From the line containing "A sweet print" to the end of the records below, both included, every line should be repeated exactly; pictures should be dropped.
------------------------------------------------------------------------
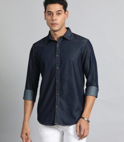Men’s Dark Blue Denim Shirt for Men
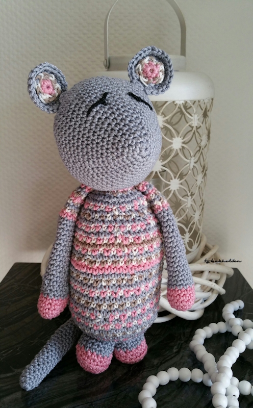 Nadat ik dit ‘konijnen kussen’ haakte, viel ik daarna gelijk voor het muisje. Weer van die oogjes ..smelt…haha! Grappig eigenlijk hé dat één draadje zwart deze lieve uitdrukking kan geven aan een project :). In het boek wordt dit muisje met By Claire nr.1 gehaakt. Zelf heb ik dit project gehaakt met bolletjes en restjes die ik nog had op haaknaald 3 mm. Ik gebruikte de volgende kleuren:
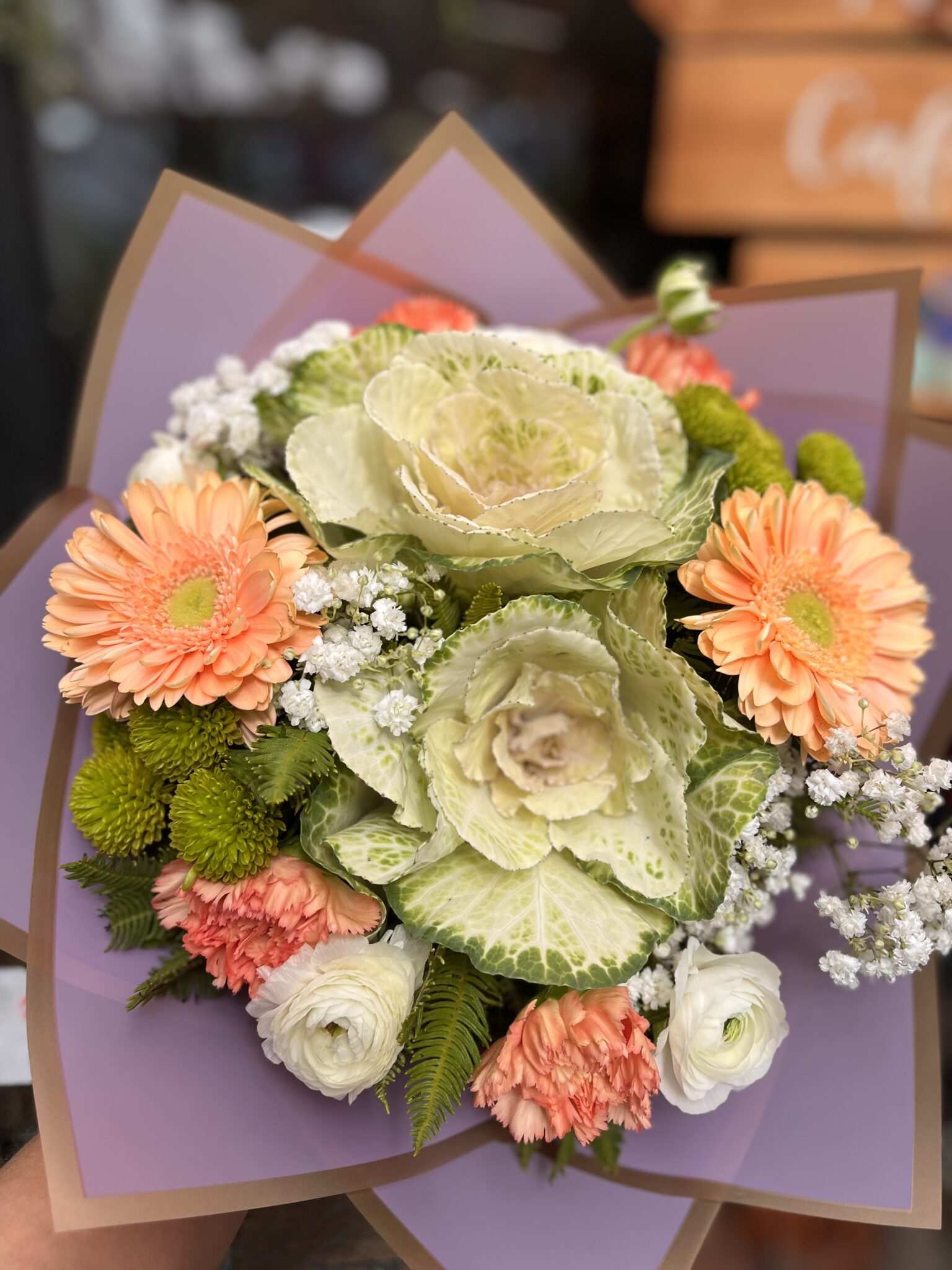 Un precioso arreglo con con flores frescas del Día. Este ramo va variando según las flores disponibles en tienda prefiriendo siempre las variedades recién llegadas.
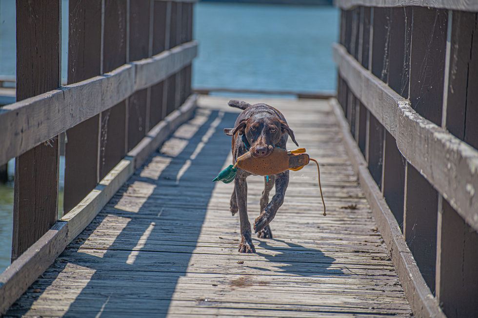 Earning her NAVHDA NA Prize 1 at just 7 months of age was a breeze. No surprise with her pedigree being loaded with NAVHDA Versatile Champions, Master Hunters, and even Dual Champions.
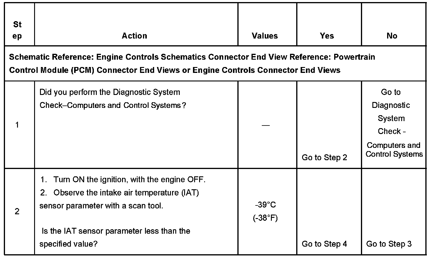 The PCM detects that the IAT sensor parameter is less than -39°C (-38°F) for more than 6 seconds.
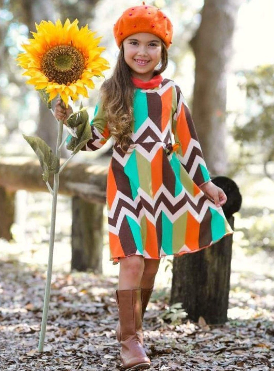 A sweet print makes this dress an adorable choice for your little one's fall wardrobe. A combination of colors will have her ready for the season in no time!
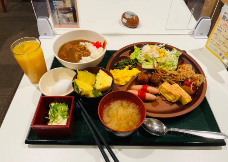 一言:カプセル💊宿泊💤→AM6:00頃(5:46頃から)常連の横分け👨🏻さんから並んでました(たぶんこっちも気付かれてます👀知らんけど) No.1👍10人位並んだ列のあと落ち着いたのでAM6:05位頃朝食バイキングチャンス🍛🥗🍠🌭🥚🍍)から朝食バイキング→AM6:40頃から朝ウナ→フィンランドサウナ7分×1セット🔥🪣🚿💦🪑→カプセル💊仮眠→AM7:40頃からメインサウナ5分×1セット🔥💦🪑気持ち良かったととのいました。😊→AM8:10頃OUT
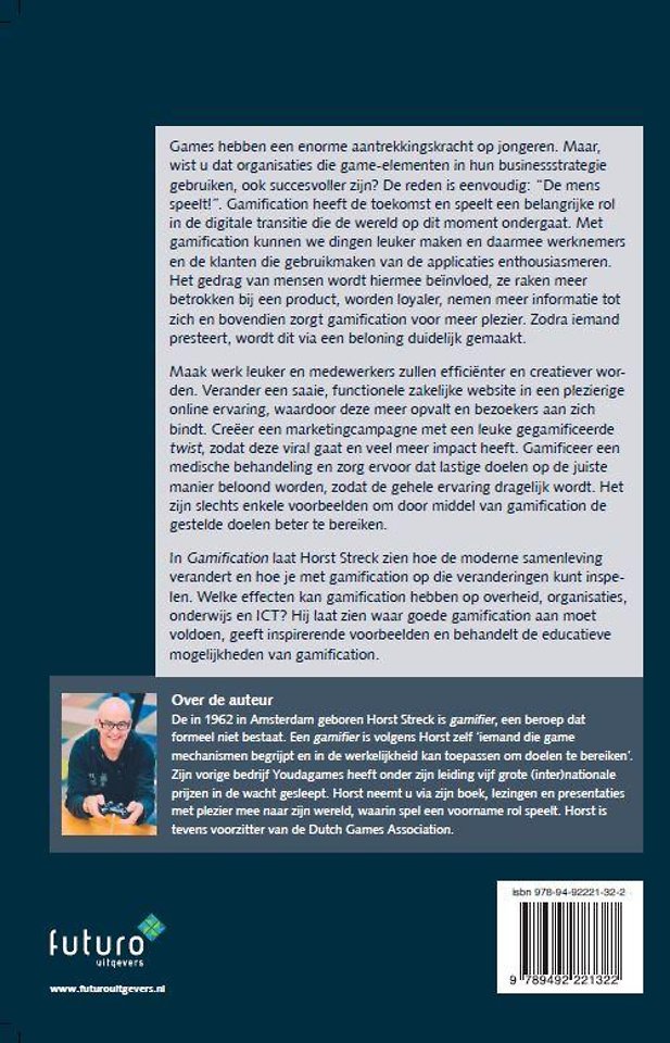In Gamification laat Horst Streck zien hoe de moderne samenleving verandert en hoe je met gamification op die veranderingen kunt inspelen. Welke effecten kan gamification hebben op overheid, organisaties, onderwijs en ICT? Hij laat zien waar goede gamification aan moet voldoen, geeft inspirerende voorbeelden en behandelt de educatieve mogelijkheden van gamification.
------------------------------------------------------------------------
EXERCISE OUTPUT »
 A sweet print makes this dress an adorable choice for your little one's fall wardrobe. A combination of colors will have her ready for the season in no time!
 一言:カプセル💊宿泊💤→AM6:00頃(5:46頃から)常連の横分け👨🏻さんから並んでました(たぶんこっちも気付かれてます👀知らんけど) No.1👍10人位並んだ列のあと落ち着いたのでAM6:05位頃朝食バイキングチャンス🍛🥗🍠🌭🥚🍍)から朝食バイキング→AM6:40頃から朝ウナ→フィンランドサウナ7分×1セット🔥🪣🚿💦🪑→カプセル💊仮眠→AM7:40頃からメインサウナ5分×1セット🔥💦🪑気持ち良かったととのいました。😊→AM8:10頃OUT
In Gamification laat Horst Streck zien hoe de moderne samenleving verandert en hoe je met gamification op die veranderingen kunt inspelen. Welke effecten kan gamification hebben op overheid, organisaties, onderwijs en ICT? Hij laat zien waar goede gamification aan moet voldoen, geeft inspirerende voorbeelden en behandelt de educatieve mogelijkheden van gamification.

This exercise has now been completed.